=== What to work on ===
Transcribe the full listing exactly, and drop every picture.

=== Records provided ===
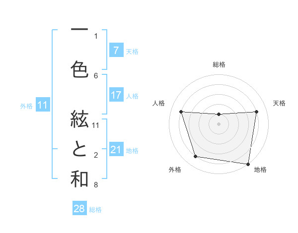 一色 絃と和さんの外格は11画の4点
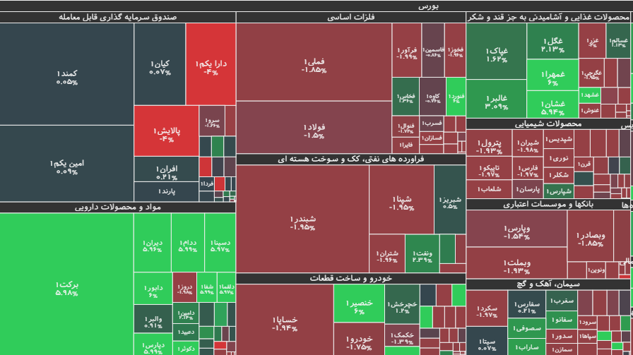 بر اساس این گزارش، در معاملات امروز بورس تهران، نمادهای معاملاتی فارس، فولاد، فملی، شستا، کچاد، تاپیکو و شپنا با بیشترین کاهش، تاثیر منفی در روند شاخص کل بورس داشتند. در مقابل، نمادهای معاملاتی فخاس، برکت، سپ و پکرمان، بیشترین تاثیر مثبت را در برآورد نماگر کل بورس داشتند.
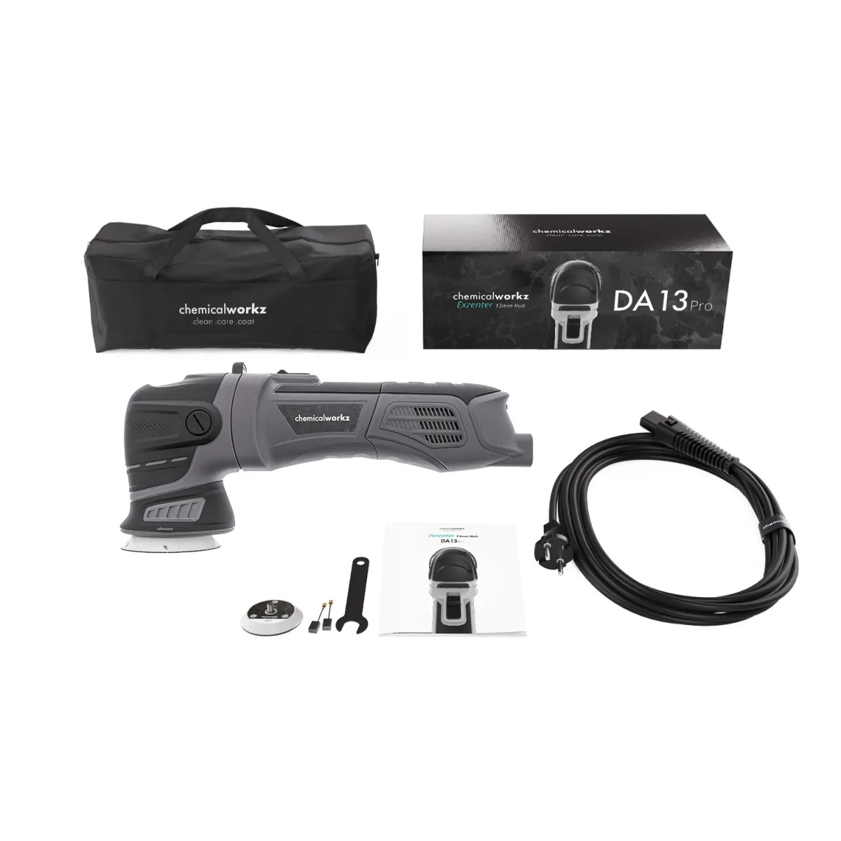 Tauche ein in die faszinierende Welt der Pro Series - Die chemicalworkz® Pro Polisher Series setzt neue Maßstäbe im Bereich der Exzenter Poliermaschinen und wurde entwickelt, um selbst höchsten Ansprüchen gerecht zu werden. Die DA9 Pro Max, DA15 Pro und DA21 Pro stellen die neuen Spitzenmodelle von chemicalworkz dar, die für professionelle Anwendungen konzipiert wurden und eine unschlagbare Performance bieten. Erlebe Fahrzeugaufbereitung auf #nextlevel mit der chemicalworkz® DA9 Pro Max - beeindruckende Leistung trifft auf maximale Präzision für die ultimative Lackaufbereitung.Mit beeindruckenden 1000 Watt Leistung, einem 9mm exzentrischen Hub und einer variablen Drehzahl von 2000-6400 U/Min ist die DA9 Pro Max das ultimative Werkzeug für Profis und Enthusiasten, die auf höchstem Niveau arbeiten. Bei der Entwicklung lag der Fokus besonders auf fortschrittlicher Technologie und robuster Konstruktion.Der progressive Gasgebeschalter ermöglicht eine fein abgestimmte Geschwindigkeitskontrolle innerhalb des Drehreglerbereichs, um die gewünschte Geschwindigkeit präzise einzustellen und bei Bedarf schnell und unterbrechungsfrei anzupassen. Die elektronische Geschwindigkeitsregelung gewährleistet eine konstante Leistung, während das abnehmbare 8m Soft-Touch Kabel maximale Flexibilität und einfache Aufbewahrung garantieren.Das LED-Ringlicht fungiert als wertvolle Arbeitserleichterung, indem es dem Anwender hilft, bereits polierte Stellen klar und deutlich zu erkennen. Dies ist besonders nützlich, um ein gleichmäßiges Ergebnis zu erzielen. Zudem dient das LED-Ringlicht als Indikator für den Rotationsstatus des Stütztellers, was einen effizienten Arbeitsablauf gewährleistet, mögliche Fehler verhindert und für ein optimales Polierergebnis sorgt.Die DA9 Pro Max wird standardmäßig mit umfangreichem Zubehör geliefert, darunter der 125mm Stützteller, Montagewerkzeug, Ersatzkohlebürsten und eine robuste Tragetasche zur einfachen Aufbewahrung.Technische Daten:Betriebsspannung: 230V/50HzSchutzklasse: IILeistung: 1000 WattDrehzahl: 2000 - 6400 U/MinStützteller: 125mmHub: 9mmKabellänge: 8m (abnehmbar)Gewicht: 3kgProgressiver GasgebeschalterElektronische GeschwindigkeitsregelungLED Ringlicht (weiß)
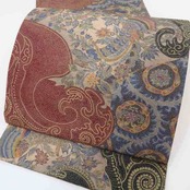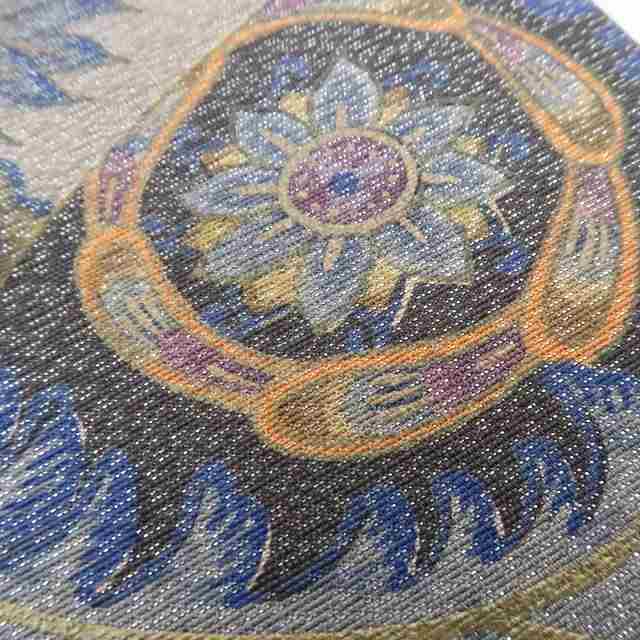他には見ない独特の世界観を解く一面には、優し気な色に不思議な薫りを漂わせる唐花や華文、鳳凰、飛沫を上げる波のような存在感と躍動を見せる繊細で優美な蔓草がその唯一無二の鼓動を響かせ、貴女の心の琴線に触れて共鳴を生む、前田仁仙落款正絹“全通”袋帯でございます。
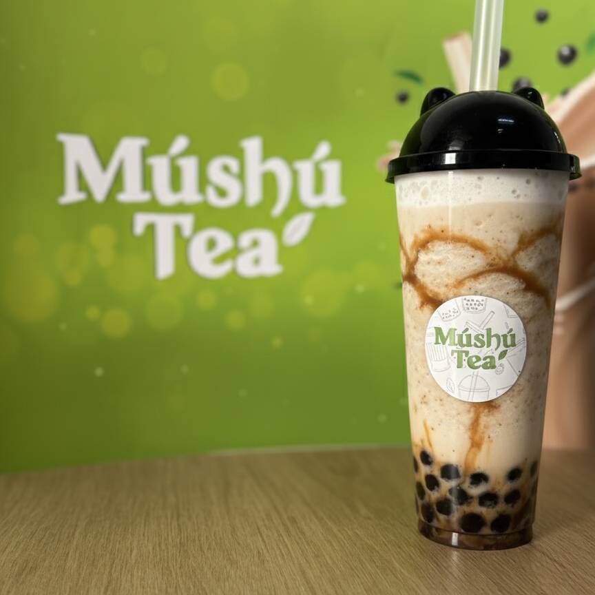Delicioso frappeado de caramelo y leche deslactosada. Porcion de tapioca
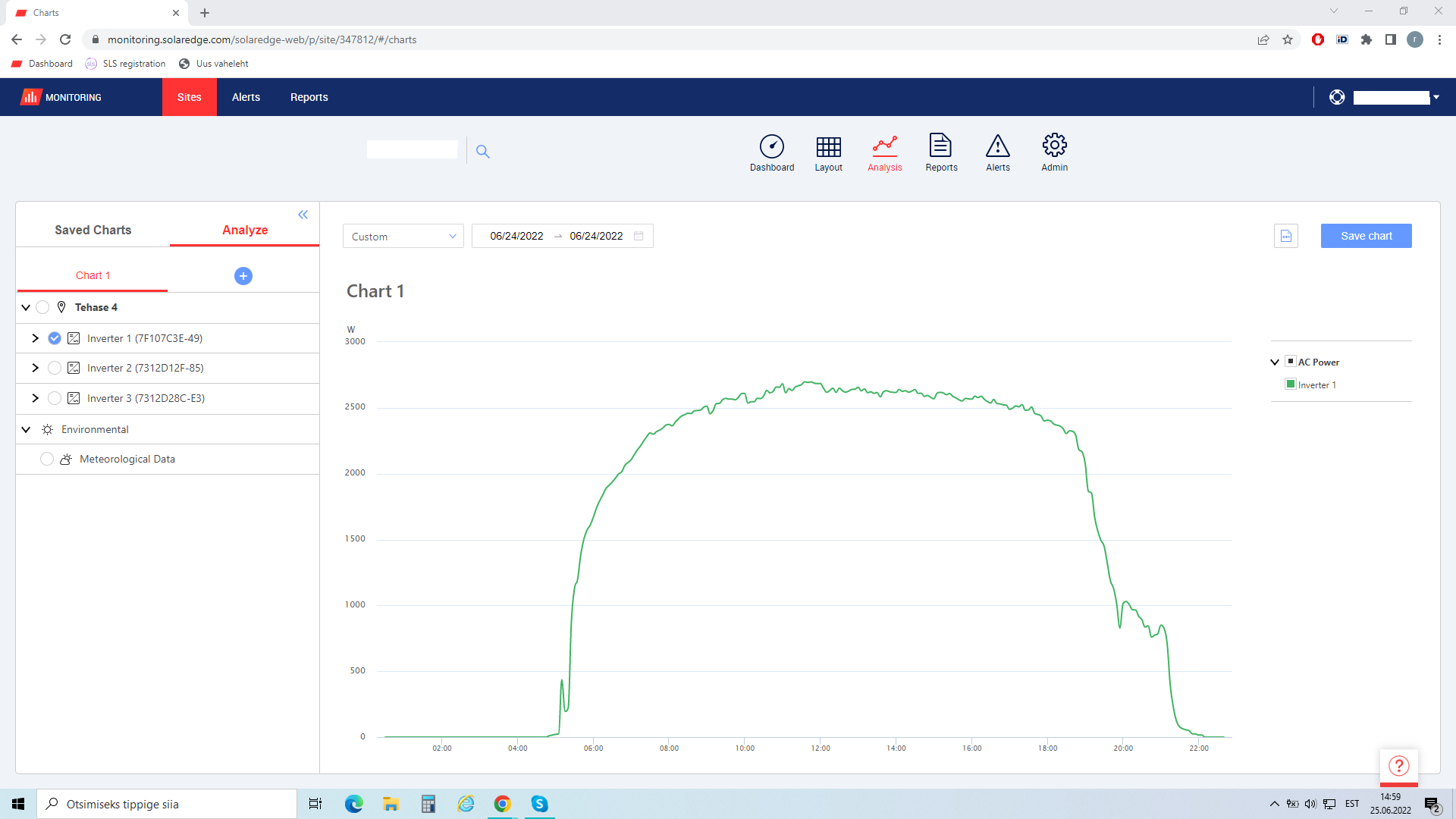 String 1: kõik paneelid 295W (tracker, working range 270° x 20°- 55°, õhtul peale 19:00 puud ees)
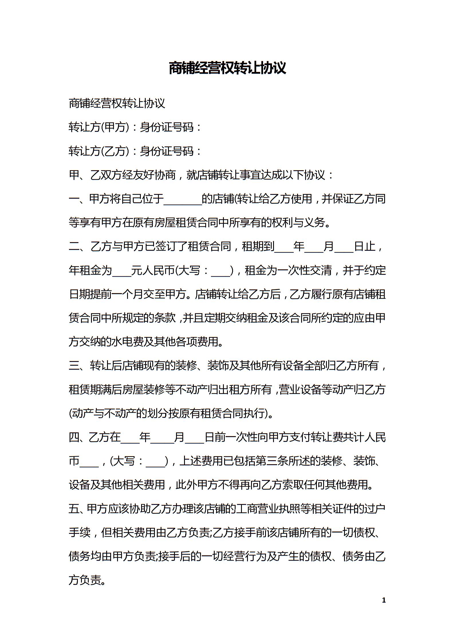 商铺经营权转让协议
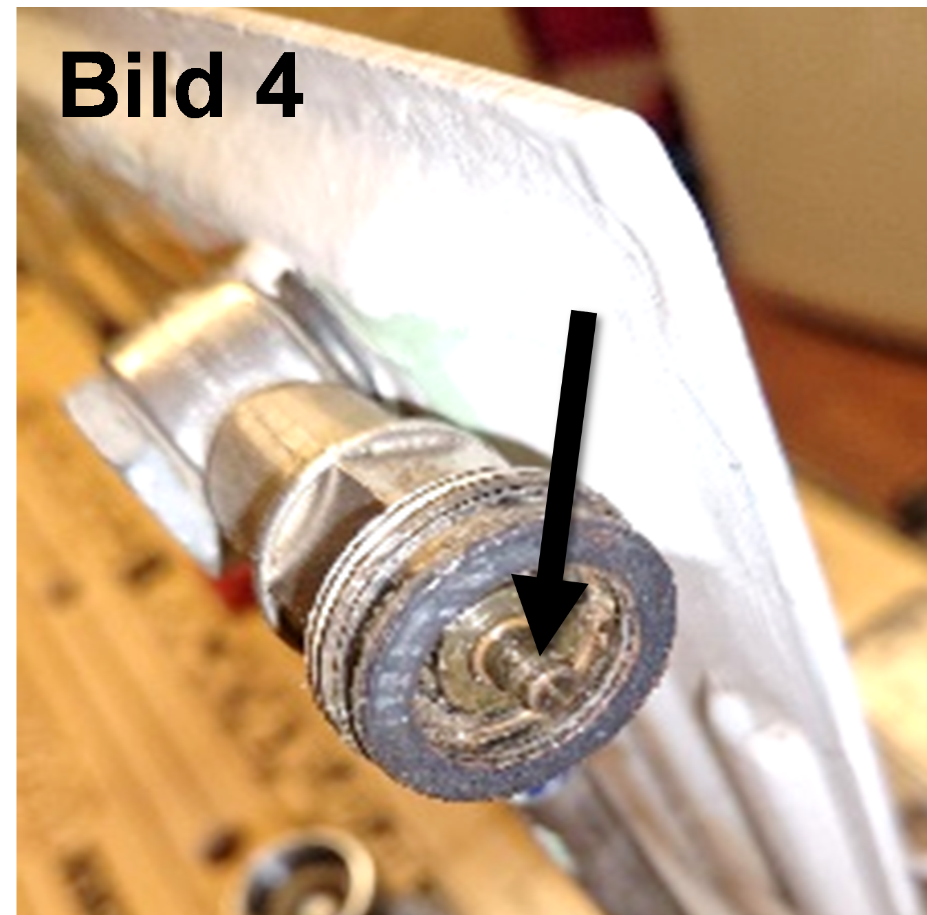 E) Ta nu bort gammalt silikon runt plastpinnen i vredet (Bild 3) och runt regleringsstiftet i termostaten (Bild 4) och fyll på med nytt silikon. Smeta även silikon i gängorna! Sätt tillbaka vredet på termostaten och dra åt, men inte för hårt.

=== Answer area ===
 一色 絃と和さんの外格は11画の4点
 بر اساس این گزارش، در معاملات امروز بورس تهران، نمادهای معاملاتی فارس، فولاد، فملی، شستا، کچاد، تاپیکو و شپنا با بیشترین کاهش، تاثیر منفی در روند شاخص کل بورس داشتند. در مقابل، نمادهای معاملاتی فخاس، برکت، سپ و پکرمان، بیشترین تاثیر مثبت را در برآورد نماگر کل بورس داشتند.
 Tauche ein in die faszinierende Welt der Pro Series - Die chemicalworkz® Pro Polisher Series setzt neue Maßstäbe im Bereich der Exzenter Poliermaschinen und wurde entwickelt, um selbst höchsten Ansprüchen gerecht zu werden. Die DA9 Pro Max, DA15 Pro und DA21 Pro stellen die neuen Spitzenmodelle von chemicalworkz dar, die für professionelle Anwendungen konzipiert wurden und eine unschlagbare Performance bieten. Erlebe Fahrzeugaufbereitung auf #nextlevel mit der chemicalworkz® DA9 Pro Max - beeindruckende Leistung trifft auf maximale Präzision für die ultimative Lackaufbereitung.Mit beeindruckenden 1000 Watt Leistung, einem 9mm exzentrischen Hub und einer variablen Drehzahl von 2000-6400 U/Min ist die DA9 Pro Max das ultimative Werkzeug für Profis und Enthusiasten, die auf höchstem Niveau arbeiten. Bei der Entwicklung lag der Fokus besonders auf fortschrittlicher Technologie und robuster Konstruktion.Der progressive Gasgebeschalter ermöglicht eine fein abgestimmte Geschwindigkeitskontrolle innerhalb des Drehreglerbereichs, um die gewünschte Geschwindigkeit präzise einzustellen und bei Bedarf schnell und unterbrechungsfrei anzupassen. Die elektronische Geschwindigkeitsregelung gewährleistet eine konstante Leistung, während das abnehmbare 8m Soft-Touch Kabel maximale Flexibilität und einfache Aufbewahrung garantieren.Das LED-Ringlicht fungiert als wertvolle Arbeitserleichterung, indem es dem Anwender hilft, bereits polierte Stellen klar und deutlich zu erkennen. Dies ist besonders nützlich, um ein gleichmäßiges Ergebnis zu erzielen. Zudem dient das LED-Ringlicht als Indikator für den Rotationsstatus des Stütztellers, was einen effizienten Arbeitsablauf gewährleistet, mögliche Fehler verhindert und für ein optimales Polierergebnis sorgt.Die DA9 Pro Max wird standardmäßig mit umfangreichem Zubehör geliefert, darunter der 125mm Stützteller, Montagewerkzeug, Ersatzkohlebürsten und eine robuste Tragetasche zur einfachen Aufbewahrung.Technische Daten:Betriebsspannung: 230V/50HzSchutzklasse: IILeistung: 1000 WattDrehzahl: 2000 - 6400 U/MinStützteller: 125mmHub: 9mmKabellänge: 8m (abnehmbar)Gewicht: 3kgProgressiver GasgebeschalterElektronische GeschwindigkeitsregelungLED Ringlicht (weiß)
他には見ない独特の世界観を解く一面には、優し気な色に不思議な薫りを漂わせる唐花や華文、鳳凰、飛沫を上げる波のような存在感と躍動を見せる繊細で優美な蔓草がその唯一無二の鼓動を響かせ、貴女の心の琴線に触れて共鳴を生む、前田仁仙落款正絹“全通”袋帯でございます。
Delicioso frappeado de caramelo y leche deslactosada. Porcion de tapioca
 String 1: kõik paneelid 295W (tracker, working range 270° x 20°- 55°, õhtul peale 19:00 puud ees)
 商铺经营权转让协议
 E) Ta nu bort gammalt silikon runt plastpinnen i vredet (Bild 3) och runt regleringsstiftet i termostaten (Bild 4) och fyll på med nytt silikon. Smeta även silikon i gängorna! Sätt tillbaka vredet på termostaten och dra åt, men inte för hårt.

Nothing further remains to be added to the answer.